An overview of the Consider stage, the first step in the Service Portfolio “Factory” process.
Your customers are demanding a lot from you. From a business standpoint, this demand may be an indication that you’ve demonstrated to your customers that you can help them. That’s great news! ServiceNow certainly makes it easy to create new Service capabilities. The problem is, for many–customer demands exceed available resources.
Having demand is a good problem to have – ask any business owner. But demand turns sour when you don’t have the means to meet it. From an ITSM perspective, it’s best to determine which requests for new capabilities are merited, and which make the most sense for your business.
For ServiceNow users struggling to keep up with demand – and specifically customer ideas for new or enhanced service capabilities – the question becomes: How can all this input be handled effectively and fairly across all requesters?
The next step for meeting and managing IT demands is to enter the “Consider” stage of the service portfolio factory workflow.
In the Consider stage, you get feedback from your customers, and score and rank their ideas to create a better reality of projects to plan and execute over a 6-12-month window.
Demand management begins at the front end
I ended the previous blog post, “Managing ServiceNow Demand in Three Steps,” with a brief description of each of the four stages in the factory workflow: Consider, Build, Modify and Retire.
In this article, I will expand on Consider, the first stage of the IT demand management process. Note that this process can be done either with or without ServiceNow’s demand management solution, if you don’t own it.
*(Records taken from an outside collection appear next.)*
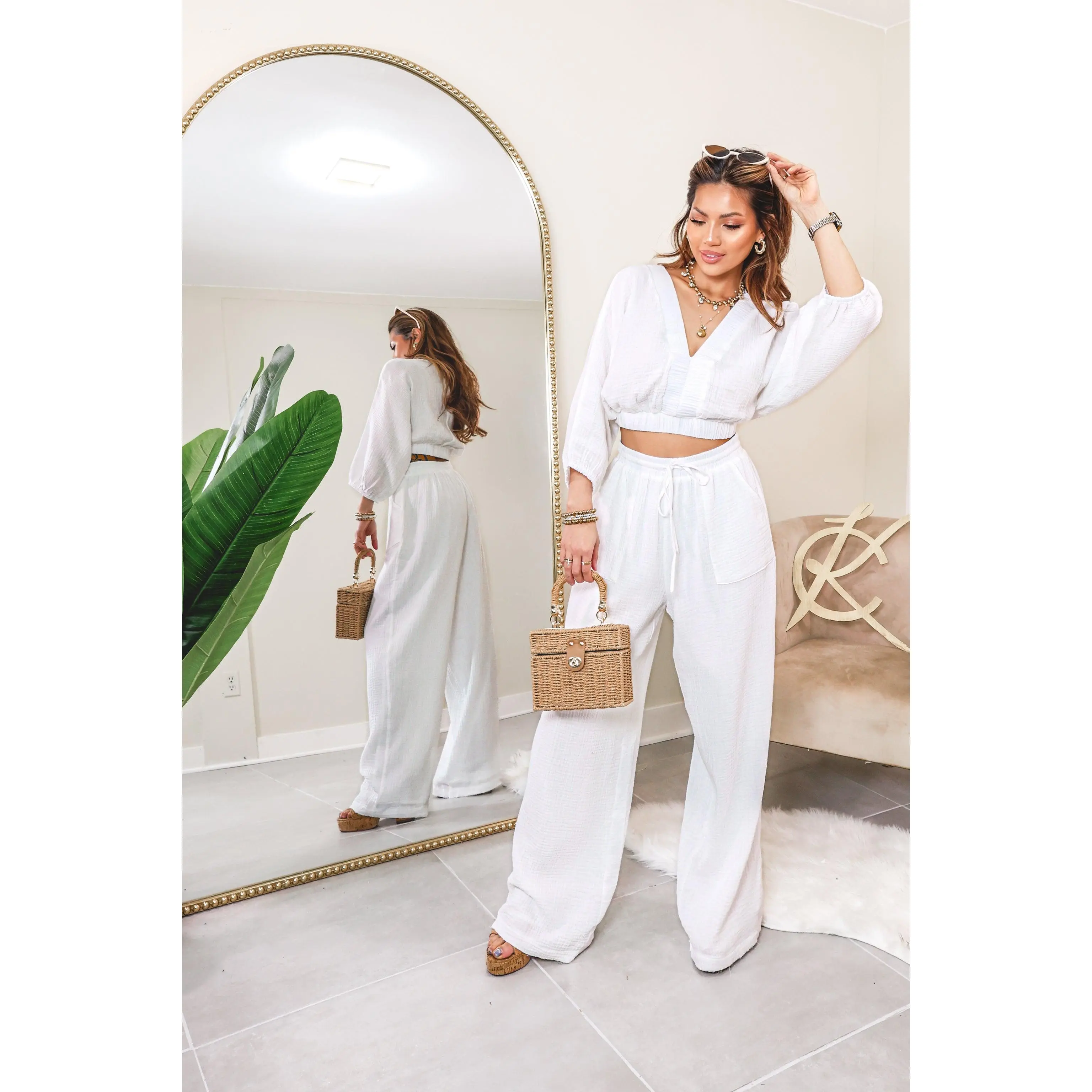 Elevate your wardrobe with our Linen Days Gauze Pants! Made with lightweight gauze material, these white pants offer a relaxed fit and an adjustable drawstring at the top for ultimate comfort. The pocket detail adds functionality to the long, stylish design. Perfect for any occasion, these pants are a must-have for any fashion-forward individual.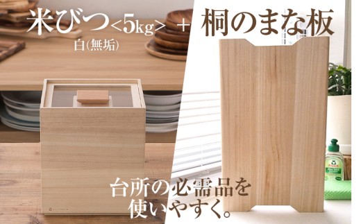 「米びつ(5kgタイプ)」+「桐のまな板」セット (株)増田桐箱店
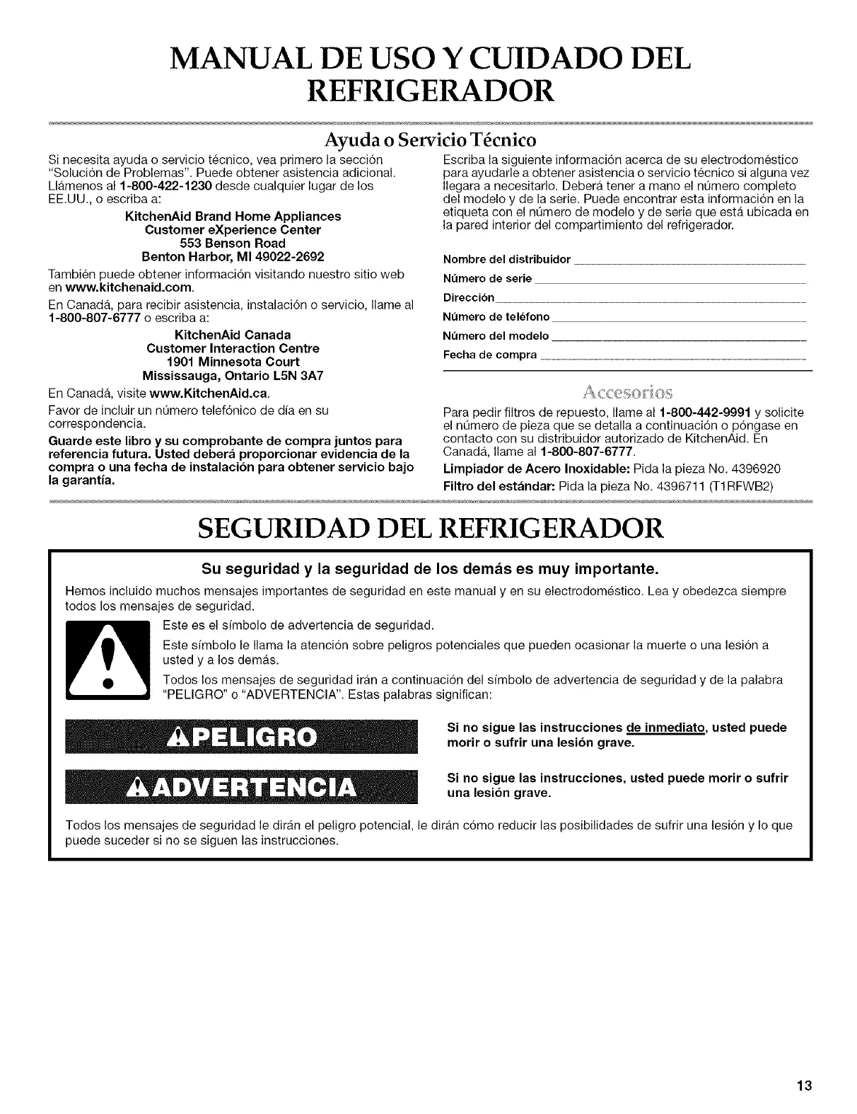 En Canada, para recibir asistencia, instalaci6n o servicio, Ilame al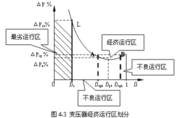 4. 3. 1. 3圖4-3中0~L是最劣運行區(qū),通稱過輕載運行區(qū)間,變壓器損失率很大,運行極不經濟。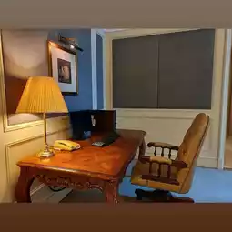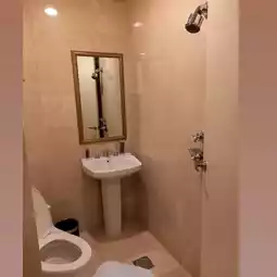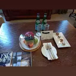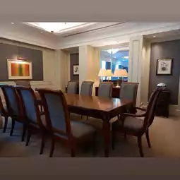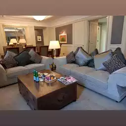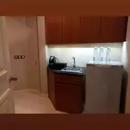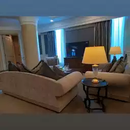 Complete with TV, welcome amenities, huge sofa, work table (with computer), huge dining table and chairs, fridge and mini kitchen at the side, toilet, and also small room for helper with shower room as well.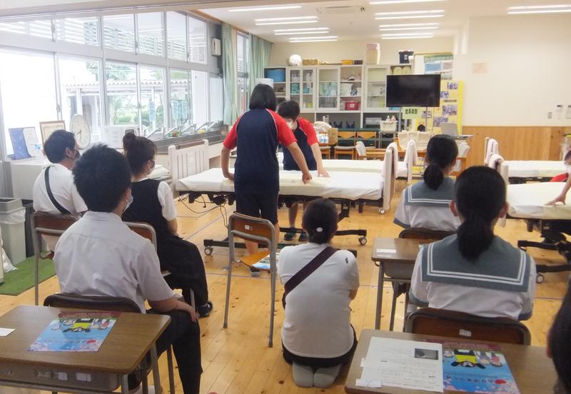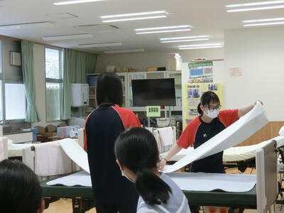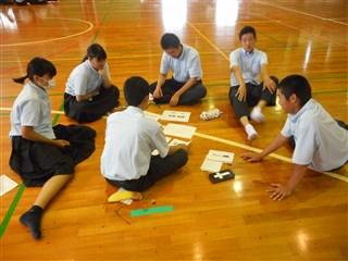 生徒同士の支え合いを目的に、毎年保健委員を中心とした研修が行われています。
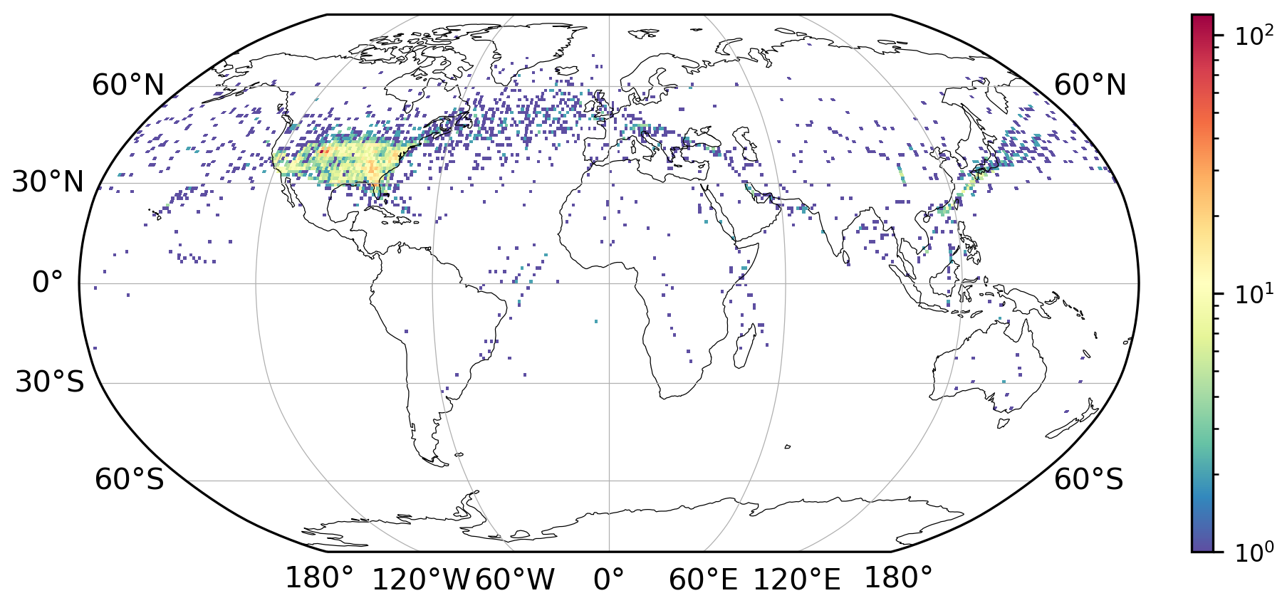 Figure 2The number of the moderate-or-greater (MoG) turbulence events identified in each 1° × 1° grid box. The number of events is substantially higher over the contiguous U.S. and major flight routes and most of them are in the Northern Hemisphere. Note that the colour scale is logarithmic.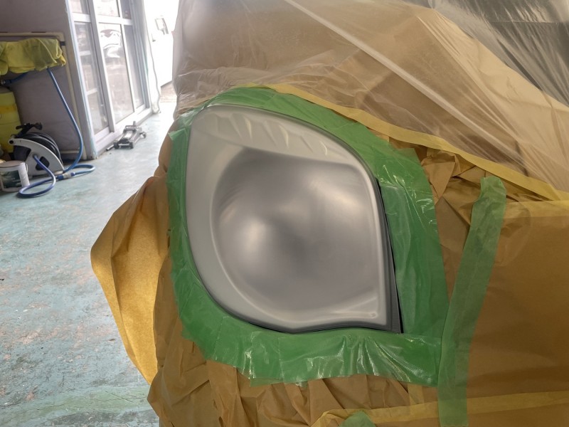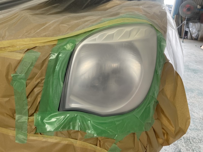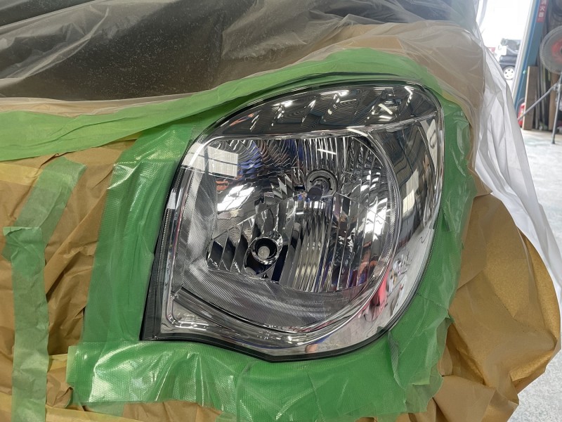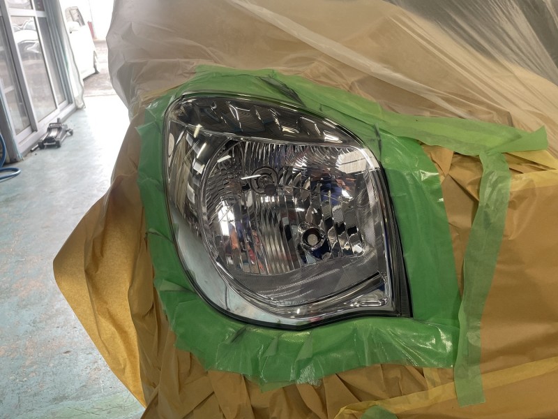 ニッサン モコ ヘッドライト磨き サンディング中(助手席側)

The Consider stage is your demand or intake funnel located at the front end of the entire ServiceNow workflow process. It is in this stage where demands are made by your customers. To assess which requests to fulfill, you should ask yourself a series of questions, like “Which demands are the most important?” or “Which ones provide your company with the greatest value?” There are plenty of other questions you can ask, too. What matters is the end goal of this process – to establish a consistent, logical basis for ranking and managing new service requests, and then taking it from there.
Start the Consider stage by creating a simple, self-service idea and enhancement front end. This enables your customers to easily suggest new ideas or enhancements, which is important. To make it easy for customers to suggest ideas, empower them with a simple self service portal form to explain the idea briefly, why it is valuable, and how many might benefit from it.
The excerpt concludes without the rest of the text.